> _Supplied data_:
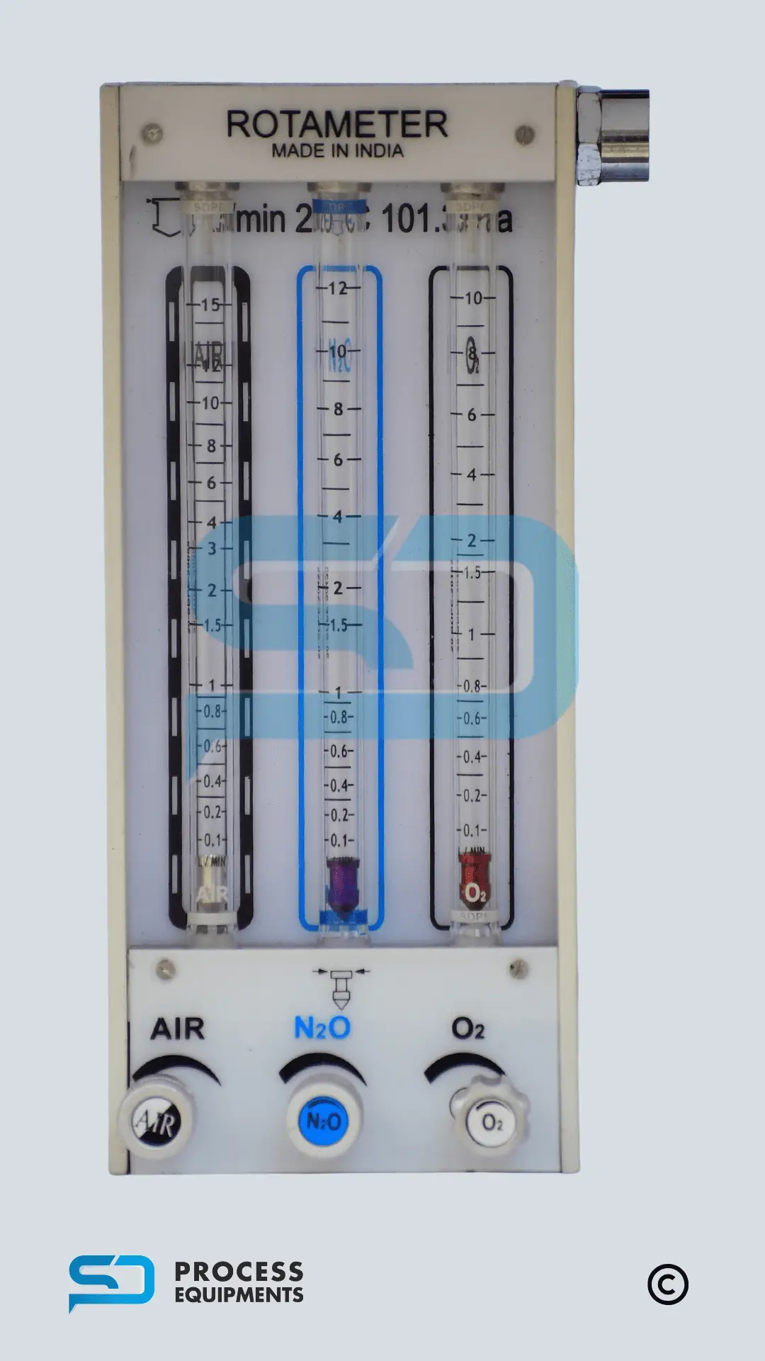 Flow Meter consist of housing and a set of calibration glass tube with bobbin float. Calibration tube can be provided in a combinations of (O2+N2O) or customer requirement.
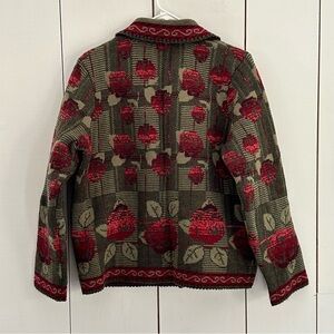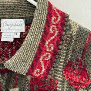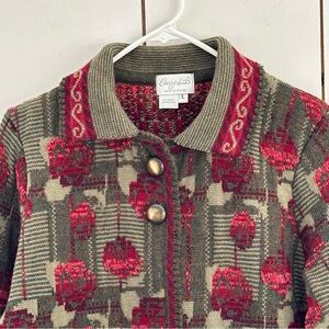 Cherry Lewis Rose Motif Wool Cardigan Sweater Pewter Button Grandma Core
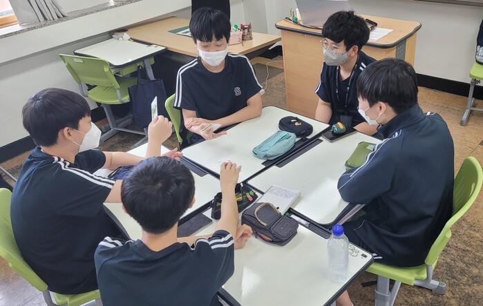 | ▲ 지난 6일 운영된 숭곡중학교 '찾아가는 공정무역 교실'에서 학생들이 수업에 참여하고 있다. (사진=성북구청 제공) |

> _Description of the task_: Print the material above verbatim, no images.

> _Solved problem_:
 Flow Meter consist of housing and a set of calibration glass tube with bobbin float. Calibration tube can be provided in a combinations of (O2+N2O) or customer requirement.
 Cherry Lewis Rose Motif Wool Cardigan Sweater Pewter Button Grandma Core
 | ▲ 지난 6일 운영된 숭곡중학교 '찾아가는 공정무역 교실'에서 학생들이 수업에 참여하고 있다. (사진=성북구청 제공) |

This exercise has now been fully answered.